Tal processo é viável na realidade das escolas? 


Claro, mas não podemos desconsiderar as condições objetivas, como as materialidades
(espaços, móveis, objetos, materiais, etc.) disponibilizadas nas instituições com as quais e
por meio das quais os professores poderão contar (ou não) para efetivar propostas sonhadas e
projetadas com as crianças, em resumo, para pensar e fazer um bom planejamento.

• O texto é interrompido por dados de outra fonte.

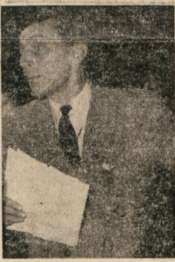
Francoski znanstvenik komunist FREDERIK JOLIOT CURIE, vi- soki komisar za atomsko energijo, ki bo predsedoval svetovnemu kongresu za mir v Parizu.

Nad milijon in 700 tisoč Jugoslo- vanov je padlo v tej borbi in so tako z žrtvovanjem življenja potrdi- li globoko vero v zmago pravice in trajnega miru in v prijateljske odnose med narodi. Vendar pa nista mir in prijateljsko sodelovanje pogodu imperialis- tom v svetu. Narodi sveta si niso

Que outro aspecto pode ser considerado?


É necessário haver articulação entre três momentos-movimentos do processo de
planejamento e efetivação de uma proposta pedagógica: o PPP (elaborado coletivamente,
documento-roteiro que guia a instituição como um todo), o projeto (elaborado pelo professor
na especificidade do grupo de crianças com o qual compartilha o cotidiano, documento-
roteiro que guia seu trabalho com aquele grupo em particular) e o planejamento (elaborado,
visto e revisto no processo cotidiano, documento-roteiro que guia o professor diariamente).
Um momento-movimento apoia o outro e dele se alimenta. Cada momento-movimento deve
refletir e traduzir o outro — e tudo isso é planejamento na educação infantil.
E o que dizer da relação entre planejamento e espontaneidade na educação infantil? 
Planejar é uma ação requerida de todo professor. Faz parte das suas atribuições como
profissional. No entanto, o planejamento não é sinônimo de rigidez. Muitas vezes, o professor
encaminha uma proposta e, no percurso, as crianças vão para lados opostos, demonstrando
outros focos de atenção e desejo: elas fazem sugestões, comentários, outras proposições. Se
o professor estiver atento às manifestações das crianças, verá indicações — nas expressões,
nos gestos, nos movimentos, nas falas — de novas possibilidades para continuar a história
inicial, que poderá multiplicar-se em muitas outras. O planejamento pedagógico é a base
para a atuação do professor, horizonte de um caminho que pretende percorrer com o grupo
de crianças, que marca sua intencionalidade e compromisso educativos, mas não pode ser
uma camisa de força, rígida e mecanicamente vestida no cotidiano (justificativa para não
considerar os desejos das crianças)! A possibilidade de redefinir a rota planejada é parte
constitutiva do processo. Isso retrata bem uma imagem de planejamento que tenho:
aventura!

A mudança paradigmática apontada nas DCNEIs  refletiu-se no modo de os professores


planejarem. Como esse movimento foi entendido pela maior parte dos educadores
infantis? 
Antes de tudo, precisamos ter claro que as mudanças não acontecem apenas em razão do
avanço e da pertinência das determinações legais. Mudar, em educação, significa transformar
práticas, e práticas são efetivadas por pessoas. É preciso tempo! Ainda que as DCNEIs
representem um avanço em termos de princípios e concepções assumidos, a apropriação e a
consequente articulação de seu conteúdo no âmbito da prática pedagógica ainda estão por se
realizar (por se conquistar!). Isso pressupõe processos formativos contínuos, apoiando as
travessias dos educadores. Não basta dizer: “Tal é o princípio, veja, é assim que se faz!”. É
necessário haver tempo e espaço para reflexão, apropriação, afirmação ou redefinição de
princípios e práticas já constituídos pelos professores.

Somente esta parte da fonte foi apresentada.